Start of Records provided
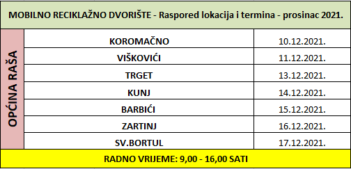 Mobilno reciklažno dvorište (MRD) je danas (14.12.2021.) postavljeno u Kunju, i to kod dječjeg igrališta. Sutra (15.12.2021.) će biti postavljeno u Barbićima.
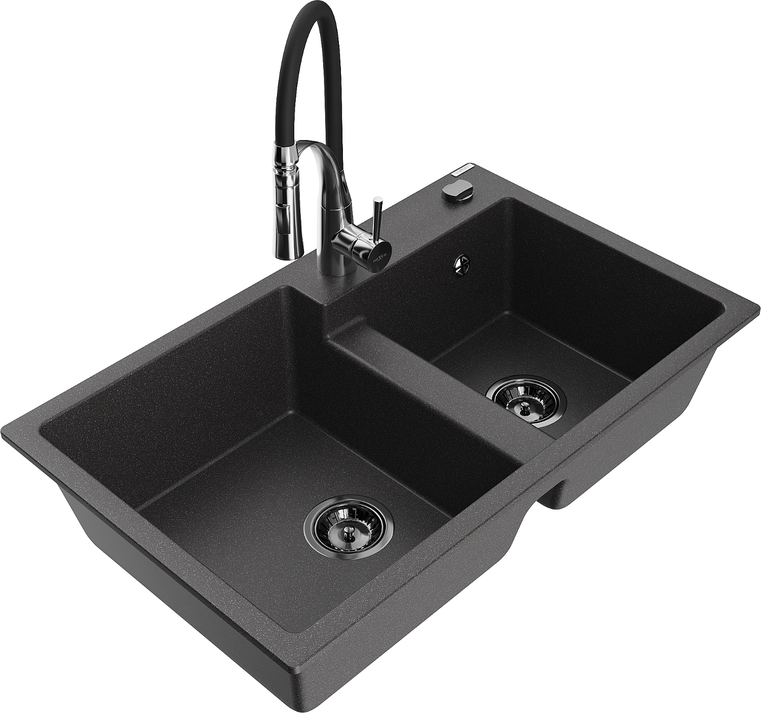 Mexen Tomas гранитна мивка с 2 камери и кухненски смесител Aster, черен с пръски - 6516-76-73450-07-B
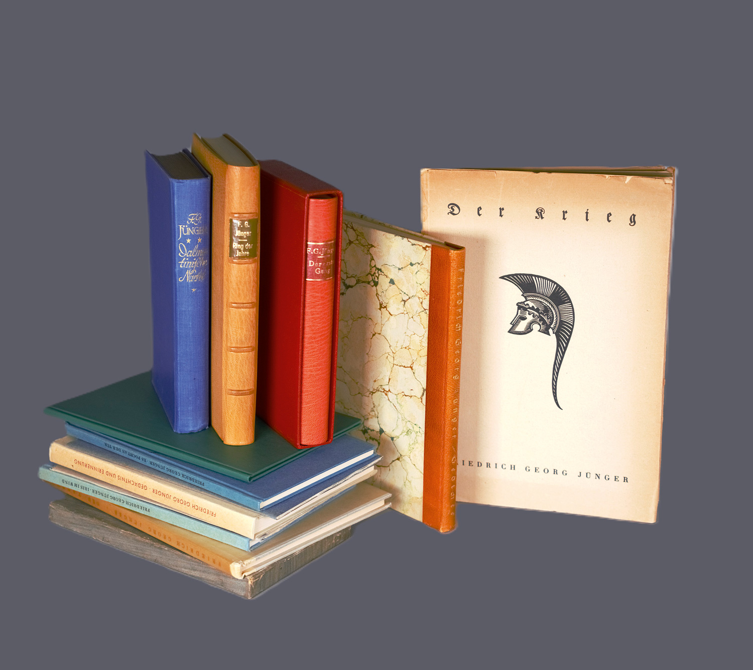Erste Ausgaben. Enthält: 1. Gedichte. Berlin, Widerstands-Verlag, 1934. - Beiliegend ein eigenhändiger Brief von Fr. G. Jünger (datiert: Überlingen, 17. Januar 1950). - 2. Der Krieg. Berlin, Widerstands-Verlag, 1936. - 3. Der Taurus. Gedichte. Hamburg, Hanseatische Verlagsanstalt, 1937. - Vom Autor signiert. - 4. Die Silberdistelklause. Gedichte. Hamburg, Dulk, (1947). - 5. Das Weinberghaus. Gedichte. Hamburg, Dulk, (1947). - 6. Dalmatinische Nacht. Erzählungen. Tübingen, Heliopolis, 1950. - Mit eigenhändiger Widmung des Verfassers. - 7. Iris im Wind. Gedichte. Frankfurt a. M., Klostermann, 1952. - Mit Widmung des Autors. - 8. Morgenländische Stadt. Frankfurt a. M., Klostermann, 1952. - Eines von 200 Exemplaren. - Beiliegend ein eigenhändiger Brief von Friedrich G. Jünger an ein "Fräulein Hasbach" (datiert: Überlingen, 16. April 1952). - 9. Gedanken und Merkzeichen. Zweite Sammlung. Frankfurt a. M., Klostermann, 1954. - Eines von 250 Exemplaren. Mit Widmung des Autors. - 10. Ring der Jahre. Gedichte - Es pocht an der Tür. Gedichte. 2 Bde in 1 Bd. Priv. Maroquinband. Frankfurt a. M., Klostermann, 1954-1968. - Beiliegend zwei eigeh. Postkarten und ein masch.schriftl. Brief von Gretha Jünger sowie drei eigenhändige Postkarten von G. Fr. Jünger, alle an Fritz Lindemann, Goslar. 11. Gedächtnis und Erinnerung. Frankfurt a. M., Klostermann, 1957. - Vorsatz mit Widmung des Autors. - 12. Dank im Gedicht. 1. September 1958. Frankfurt a. M., Klostermann, (1958). - Eines von 200 Exemplaren. Mit Widmung von F. G. Jünger. - 13. Es pocht an der Tür. Gedichte. Frankfurt a. M., Klostermann, 1968. - Mit beiliegender eigenh. Postkarte von F. G. Jünger. - 14. Der erste Gang. Roman. Späterer priv. Maroquinband mit goldgepr. RSchild. In Pappschuber. München, Hanser, 1954. - Beiliegend eine eigenhändige Postkarte des Verfassers (an Fritz Lindemann, Goslar - datiert: Sils, 6. September 1956). - Ferner: An Dr. Schranz in Siedlingshausen. Xerokopie. Leineneinband. – Alle Bände wohlerhalten.
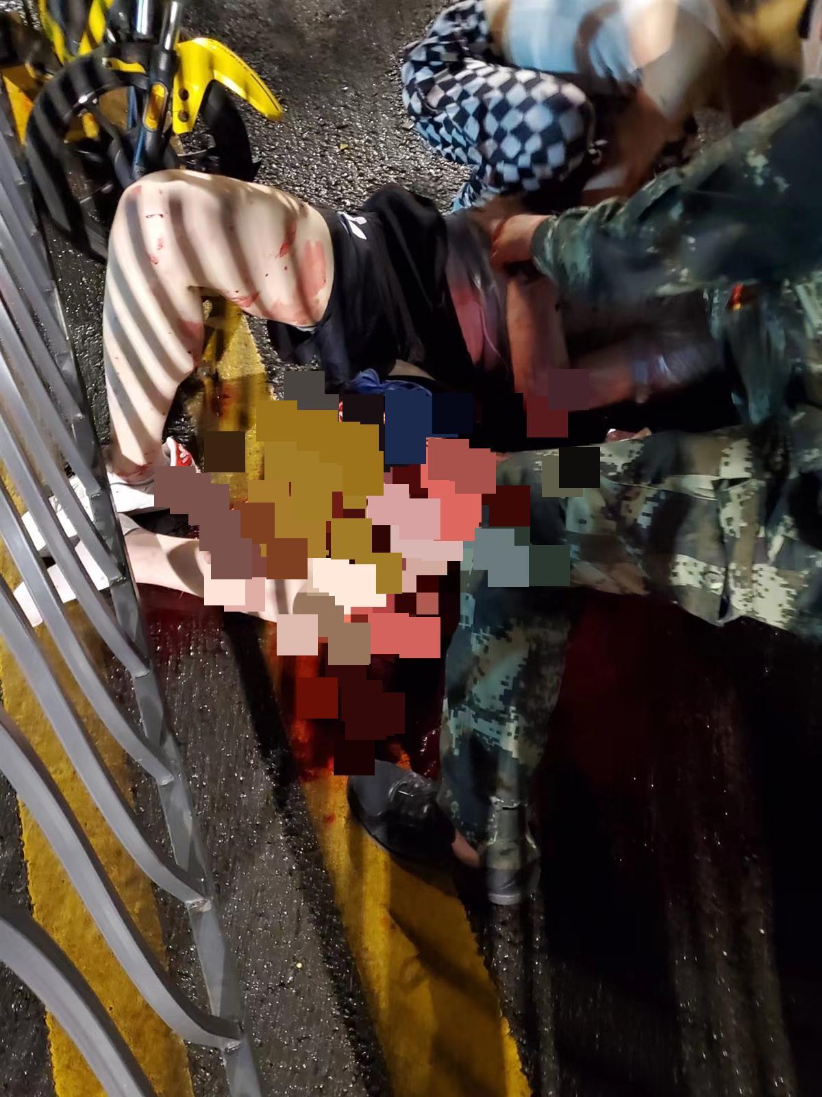 看到倒在血泊中不断呻吟呼救的伤者,路过现场的武汉大学人民医院(武汉大学第一临床学院)医学研究生吴志丰、张烨、熊威、朱子敬4人立即上前施救有效止血后火速送医,成功挽回一条生命。
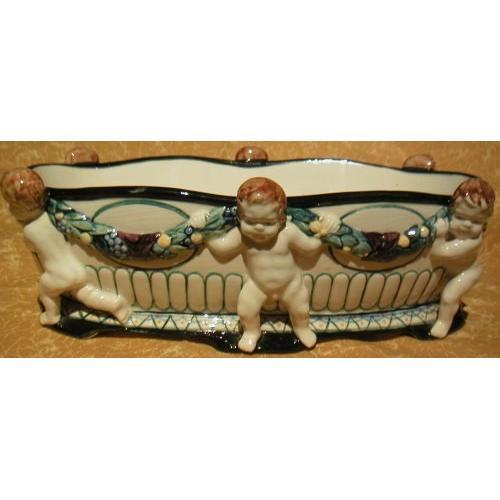 Perfect and very decorative Jardiniere with six puttis holding a flower garland around the bowl.It comes out from the very well known German factory Karlsruher Majolica and is created from the famous artist Wilhelm Peter August Süs(1861-1933).Süs was one of the first artists who worked for this factory. Later he was the art direktor of the Karlsruher Majolica.Bowls with puttis or children from this artist are in great demand.
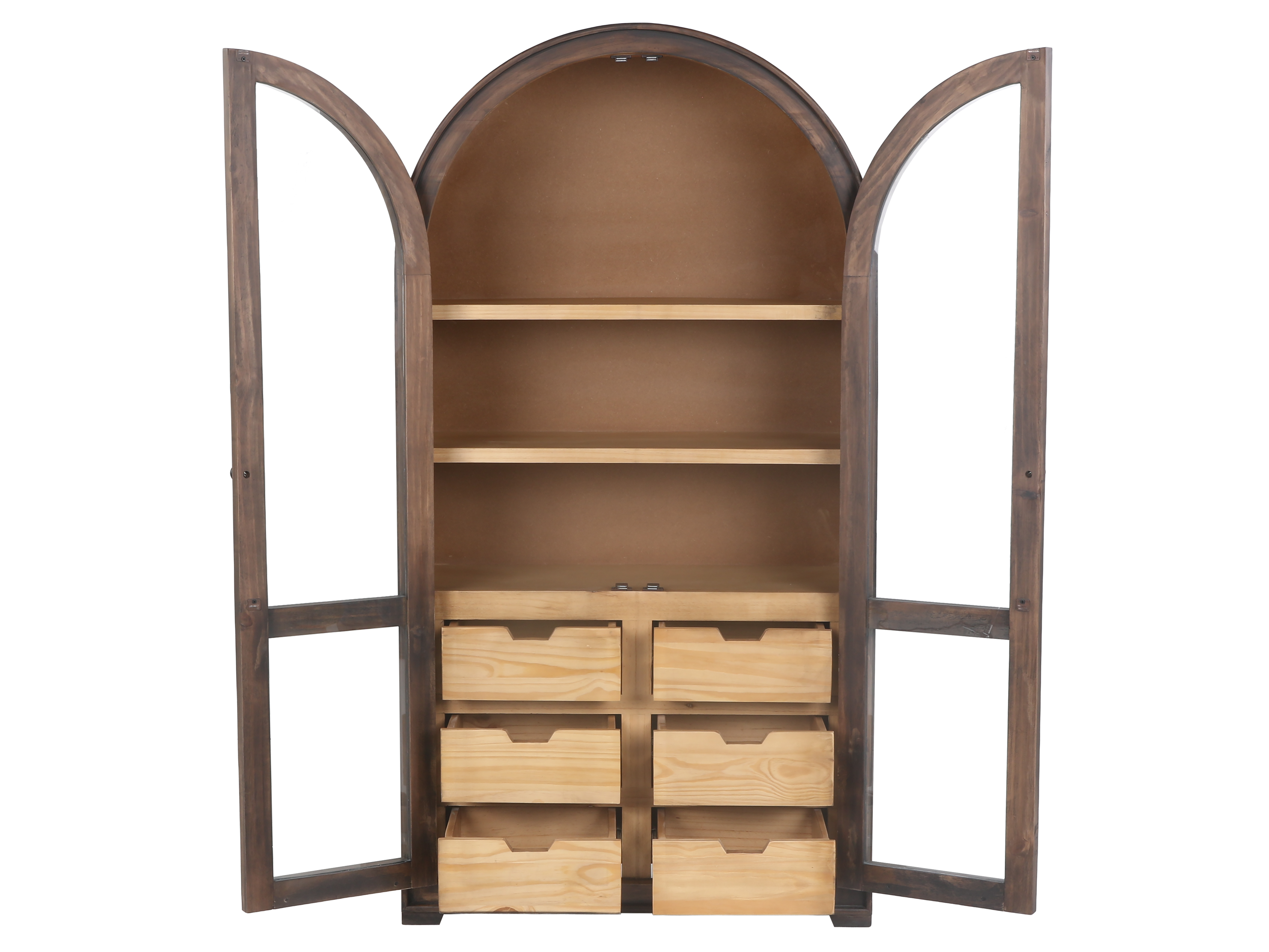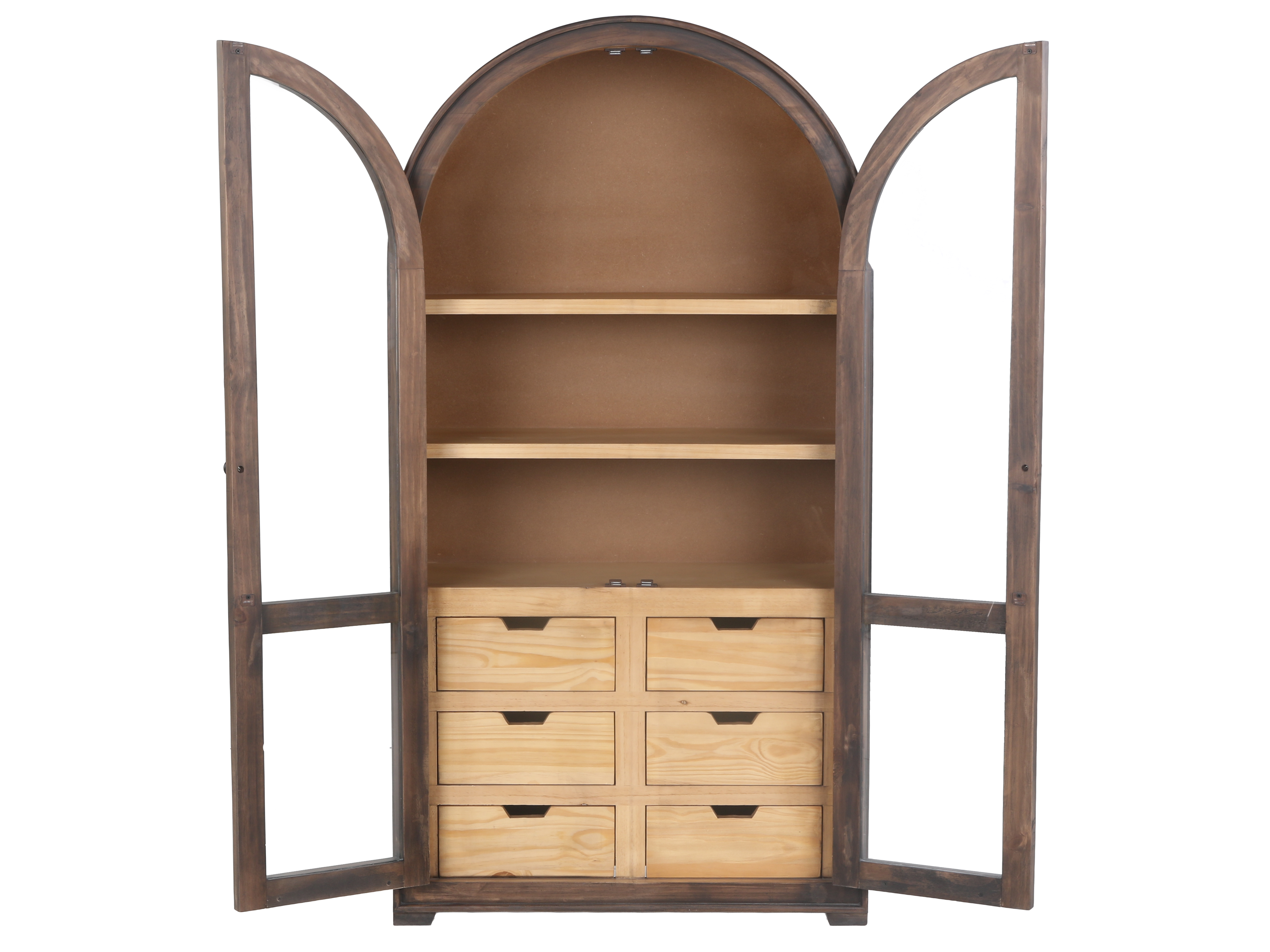 This rustic brown arched cabinet combines charm and functionality with its glass-paneled double doors, two adjustable shelves, and six spacious drawers. Perfect for displaying collectibles or storing essentials, its natural wood drawer fronts add a warm contrast to the rich brown frame. Ideal for living rooms, dining spaces, or home offices, this cabinet offers both style and ample storage in one striking piece.
End of Records provided
(Exercise prompt) Only lines belong in the copy, not pictures: write out exactly the lines of the records from the first through the one holding "Mexen Tomas гранитна".

(Finished exercise)
 Mobilno reciklažno dvorište (MRD) je danas (14.12.2021.) postavljeno u Kunju, i to kod dječjeg igrališta. Sutra (15.12.2021.) će biti postavljeno u Barbićima.
 Mexen Tomas гранитна мивка с 2 камери и кухненски смесител Aster, черен с пръски - 6516-76-73450-07-B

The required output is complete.